This is an unfortunate language feature [that ought to be abolished
years ago!!!] which led you to believe you are allowed to change the
values of the characters to which elements of 'x' point. You have
initialised 'x' with addresses of arrays of _constant_ characters. Then
you try to change them, and that's undefined behaviour.

Unfortunate indeed; however seeing as we're stuck with it I'm wondering
whether it's not too much to expect your compiler to pick up on it (with
at least a warning), since it will most likely complain if you try to
assign to any other const expression. Or would that contravene the
standard somewhere?
 
J

Jeroen

Lionel B schreef:
Jess said:
Hello, the following code failed with "segmentation fault". Could
someone tell me why it failed please? Thanks!

#include<iostream>
#include<string>
#include<cstring>
#include<cstddef>

using namespace std;

int main(){
char* x[] = {"a","b","c"};
This is an unfortunate language feature [that ought to be abolished
years ago!!!] which led you to believe you are allowed to change the
values of the characters to which elements of 'x' point. You have
initialised 'x' with addresses of arrays of _constant_ characters. Then
you try to change them, and that's undefined behaviour.

Unfortunate indeed; however seeing as we're stuck with it I'm wondering
whether it's not too much to expect your compiler to pick up on it (with
at least a warning), since it will most likely complain if you try to
assign to any other const expression. Or would that contravene the
standard somewhere?

Not sure if the following is correct:

int main()
{
char* x[] = {"a","b","c"};

foo(x[0]);
}

void foo(char *p)
{
*p = 'A';
}

My idea is that it may require a lot of tracking and tracing for a
compiler in order to detect all possible situations where the segfault
can occur.

Jeroen
 
V

Victor Bazarov

Lionel said:
Jess said:
Hello, the following code failed with "segmentation fault". Could
someone tell me why it failed please?

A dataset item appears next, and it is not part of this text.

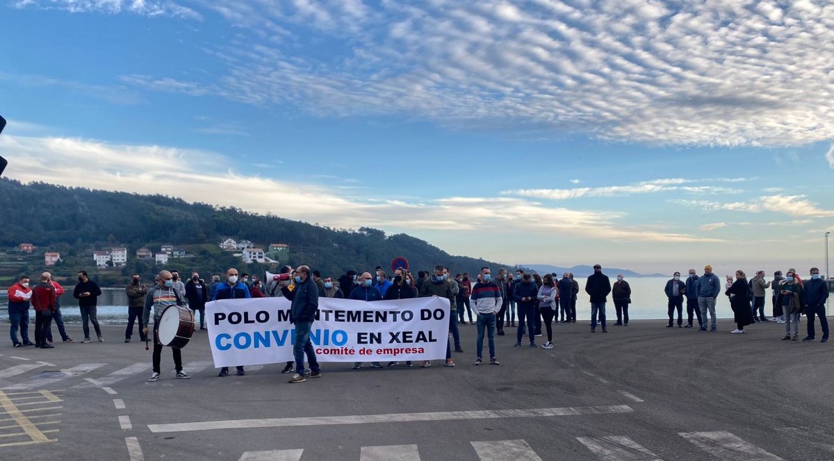 Os traballadores e as traballadoras de XEAL concentráronse na tarde de onte mércores diante da fábrica de Cee en rexeitamento ás pretensións da dirección de recortar os dereitos laborais e salariais deixando decaer o convenio propio para pasar a aplicar o convenio de sector, de condicións inferiores. Coa protesta tamén se reclama un calendario para o rearranque dos fornos e un plan industrial e de investimentos que garanta o mantemento dos postos de traballo, así como a recuperación de todas as capacidades produtivas e dos empregos destruídos.

Thanks!

#include<iostream>
#include<string>
#include<cstring>
#include<cstddef>

using namespace std;

int main(){
char* x[] = {"a","b","c"};

This is an unfortunate language feature [that ought to be abolished
years ago!!!] which led you to believe you are allowed to change the
values of the characters to which elements of 'x' point. You have
initialised 'x' with addresses of arrays of _constant_ characters.
Then you try to change them, and that's undefined behaviour.

Unfortunate indeed; however seeing as we're stuck with it I'm
wondering whether it's not too much to expect your compiler to pick
up on it (with at least a warning), since it will most likely
complain if you try to assign to any other const expression. Or would
that contravene the standard somewhere?

No, a warning never contravenes the Standard. Indeed, many compilers
give plenty of warnings if you ask them. I am not sure, however, that
initialising a pointer to non-const char with the address of the first
element of an array of const char (string literal) is one of commonly
available warnings.

Perhaps PC-lint might help...

V
 
V

Victor Bazarov

Jeroen said:
Lionel B schreef:
Jess wrote:
Hello, the following code failed with "segmentation fault". Could
someone tell me why it failed please? Thanks!

#include<iostream>
#include<string>
#include<cstring>
#include<cstddef>

using namespace std;

int main(){
char* x[] = {"a","b","c"};
This is an unfortunate language feature [that ought to be abolished
years ago!!!] which led you to believe you are allowed to change the
values of the characters to which elements of 'x' point. You have
initialised 'x' with addresses of arrays of _constant_ characters.
Then you try to change them, and that's undefined behaviour.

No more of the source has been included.